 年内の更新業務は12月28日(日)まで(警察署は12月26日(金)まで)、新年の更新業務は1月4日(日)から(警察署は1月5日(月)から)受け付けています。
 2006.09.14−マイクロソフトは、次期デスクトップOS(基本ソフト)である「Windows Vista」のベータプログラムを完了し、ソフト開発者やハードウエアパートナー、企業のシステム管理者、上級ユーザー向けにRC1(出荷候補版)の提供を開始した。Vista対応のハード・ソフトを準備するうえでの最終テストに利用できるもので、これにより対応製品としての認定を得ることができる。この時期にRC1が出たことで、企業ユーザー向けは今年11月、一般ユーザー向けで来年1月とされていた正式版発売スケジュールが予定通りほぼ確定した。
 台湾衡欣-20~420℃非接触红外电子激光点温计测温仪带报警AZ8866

* * *

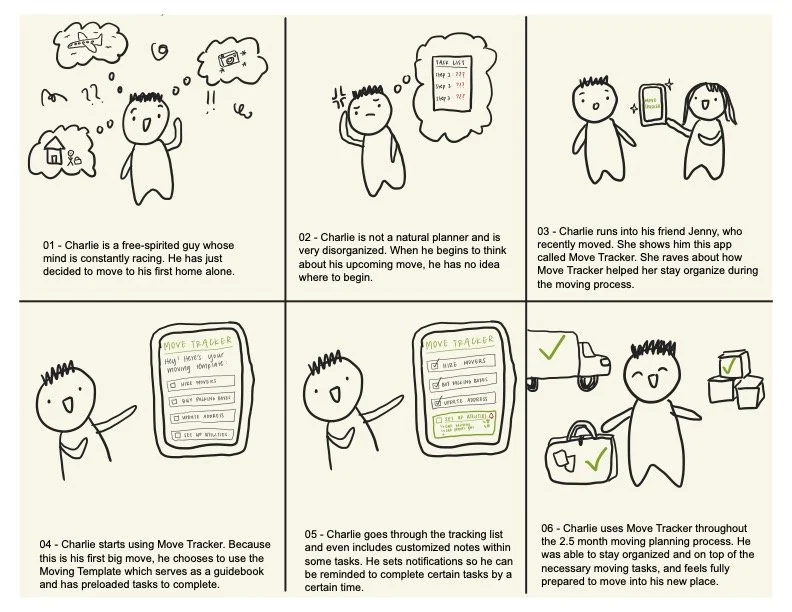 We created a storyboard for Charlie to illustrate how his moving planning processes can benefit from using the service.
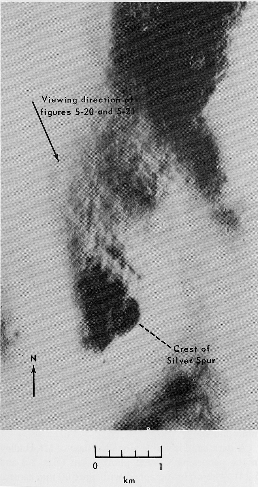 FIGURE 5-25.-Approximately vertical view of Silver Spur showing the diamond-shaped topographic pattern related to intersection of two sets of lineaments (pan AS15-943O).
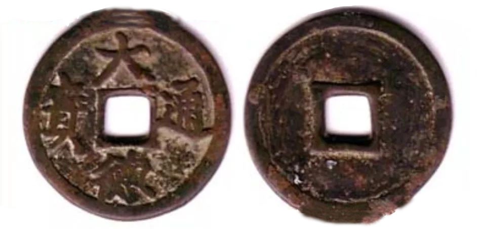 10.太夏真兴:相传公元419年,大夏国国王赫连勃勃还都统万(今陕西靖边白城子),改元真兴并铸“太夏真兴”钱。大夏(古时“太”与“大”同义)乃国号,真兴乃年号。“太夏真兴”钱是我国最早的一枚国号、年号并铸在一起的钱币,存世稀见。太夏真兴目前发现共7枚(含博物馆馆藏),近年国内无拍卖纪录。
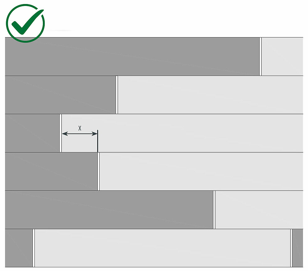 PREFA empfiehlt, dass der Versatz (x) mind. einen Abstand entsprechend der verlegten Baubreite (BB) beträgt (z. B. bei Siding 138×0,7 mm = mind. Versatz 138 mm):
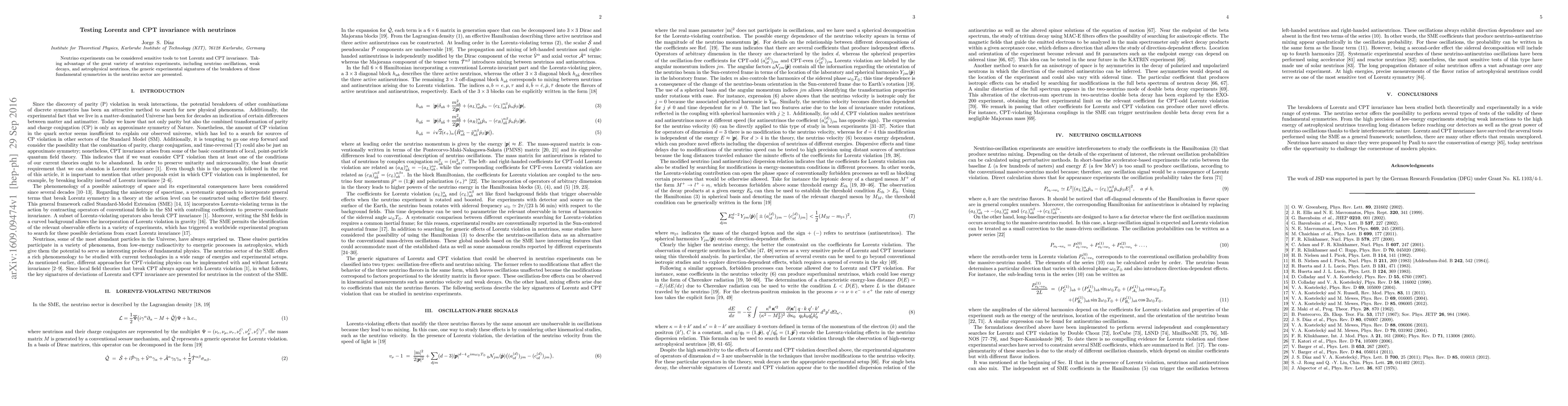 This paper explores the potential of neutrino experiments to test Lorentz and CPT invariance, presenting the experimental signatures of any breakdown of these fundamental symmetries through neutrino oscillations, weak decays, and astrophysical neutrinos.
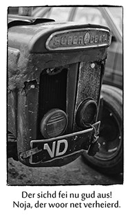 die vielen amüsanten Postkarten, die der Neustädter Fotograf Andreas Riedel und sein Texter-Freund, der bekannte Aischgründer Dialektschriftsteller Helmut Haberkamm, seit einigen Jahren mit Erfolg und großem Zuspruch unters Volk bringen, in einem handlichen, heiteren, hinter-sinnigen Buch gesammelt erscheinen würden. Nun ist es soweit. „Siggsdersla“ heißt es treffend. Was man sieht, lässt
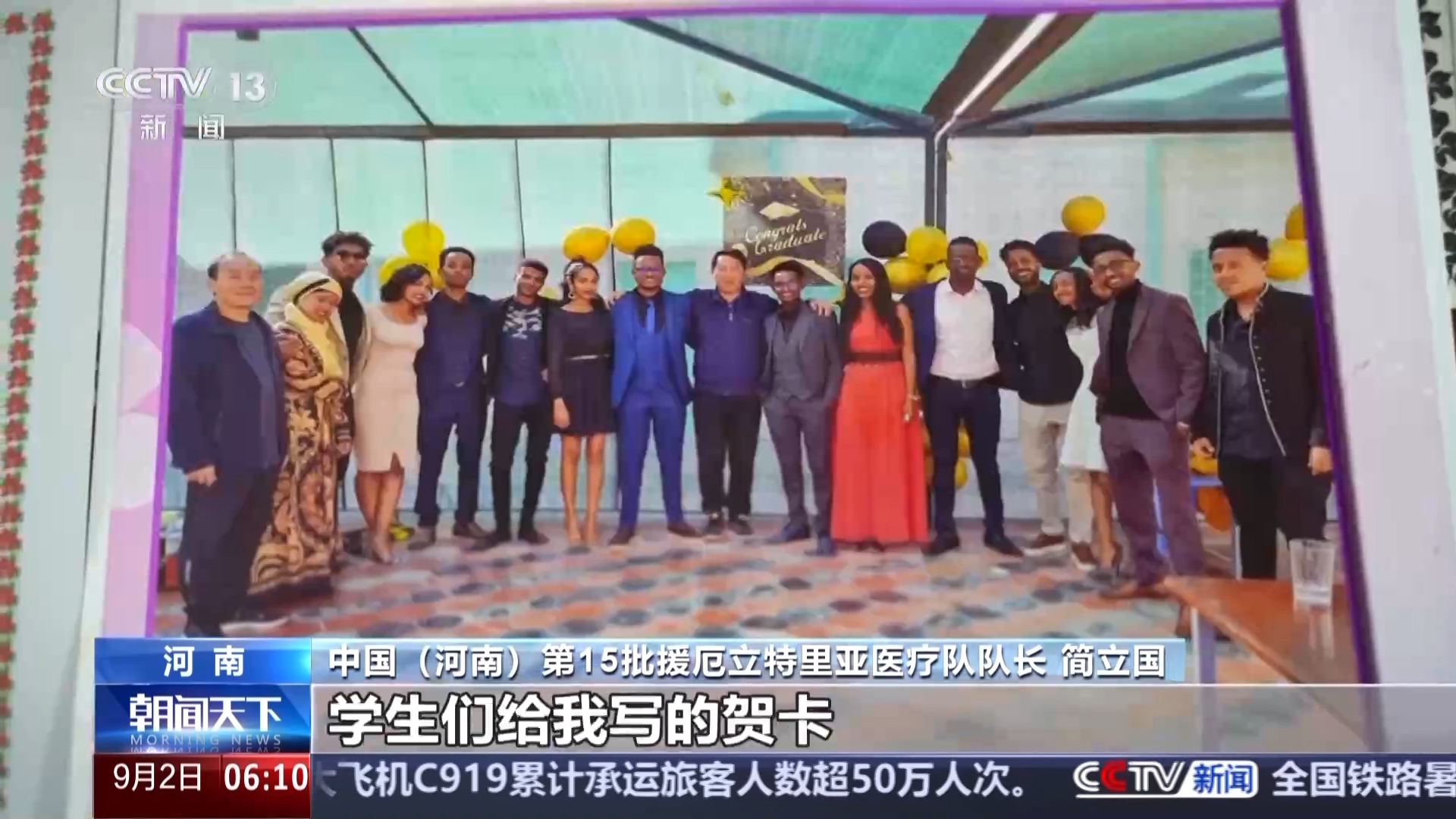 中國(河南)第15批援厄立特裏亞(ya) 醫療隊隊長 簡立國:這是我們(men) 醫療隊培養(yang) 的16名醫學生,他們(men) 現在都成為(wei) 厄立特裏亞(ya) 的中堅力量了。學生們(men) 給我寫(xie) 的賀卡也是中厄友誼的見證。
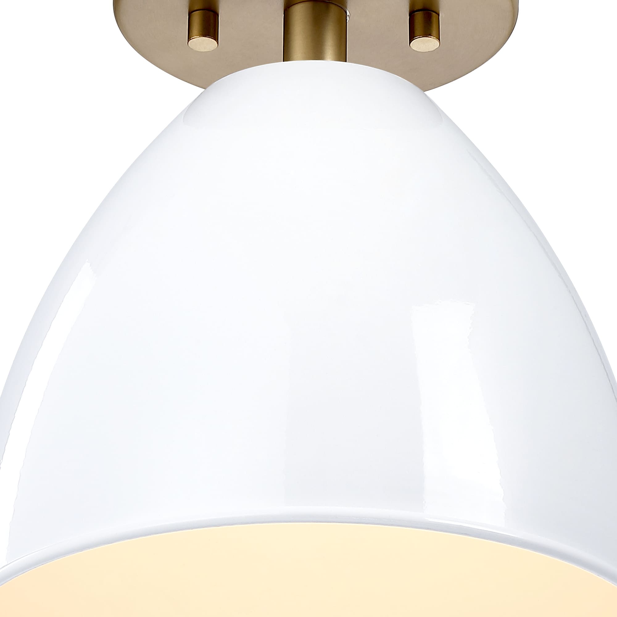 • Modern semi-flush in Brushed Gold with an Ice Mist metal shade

---

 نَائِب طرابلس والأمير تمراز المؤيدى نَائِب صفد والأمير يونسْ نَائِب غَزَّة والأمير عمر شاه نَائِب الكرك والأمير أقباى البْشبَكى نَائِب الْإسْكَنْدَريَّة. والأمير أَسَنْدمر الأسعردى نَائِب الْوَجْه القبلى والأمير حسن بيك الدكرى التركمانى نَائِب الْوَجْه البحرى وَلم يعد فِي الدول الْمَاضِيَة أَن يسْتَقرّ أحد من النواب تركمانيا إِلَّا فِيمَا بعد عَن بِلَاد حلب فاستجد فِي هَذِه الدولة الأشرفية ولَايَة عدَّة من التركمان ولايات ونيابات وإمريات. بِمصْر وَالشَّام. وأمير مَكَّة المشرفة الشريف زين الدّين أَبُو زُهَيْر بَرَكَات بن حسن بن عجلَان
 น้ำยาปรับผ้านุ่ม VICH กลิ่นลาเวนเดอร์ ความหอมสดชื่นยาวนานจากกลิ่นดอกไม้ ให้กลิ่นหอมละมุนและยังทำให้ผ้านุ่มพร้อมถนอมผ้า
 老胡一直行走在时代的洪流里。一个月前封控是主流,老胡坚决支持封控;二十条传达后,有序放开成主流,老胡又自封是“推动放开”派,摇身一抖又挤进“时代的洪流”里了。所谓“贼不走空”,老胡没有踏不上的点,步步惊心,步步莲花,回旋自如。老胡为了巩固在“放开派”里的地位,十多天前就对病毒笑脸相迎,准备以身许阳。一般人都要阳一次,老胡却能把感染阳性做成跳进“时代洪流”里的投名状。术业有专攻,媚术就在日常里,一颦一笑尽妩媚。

*Exercise objective*. What is asked for is an exact copy of the lines above from the one containing "年内の更新業務は12月28日" through the one containing "台湾衡欣-20~420℃非接触红外电子激光点温计测温仪带报警AZ8866", and only those.

*Solution for this exercise*.
 年内の更新業務は12月28日(日)まで(警察署は12月26日(金)まで)、新年の更新業務は1月4日(日)から(警察署は1月5日(月)から)受け付けています。
 2006.09.14−マイクロソフトは、次期デスクトップOS(基本ソフト)である「Windows Vista」のベータプログラムを完了し、ソフト開発者やハードウエアパートナー、企業のシステム管理者、上級ユーザー向けにRC1(出荷候補版)の提供を開始した。Vista対応のハード・ソフトを準備するうえでの最終テストに利用できるもので、これにより対応製品としての認定を得ることができる。この時期にRC1が出たことで、企業ユーザー向けは今年11月、一般ユーザー向けで来年1月とされていた正式版発売スケジュールが予定通りほぼ確定した。
 台湾衡欣-20~420℃非接触红外电子激光点温计测温仪带报警AZ8866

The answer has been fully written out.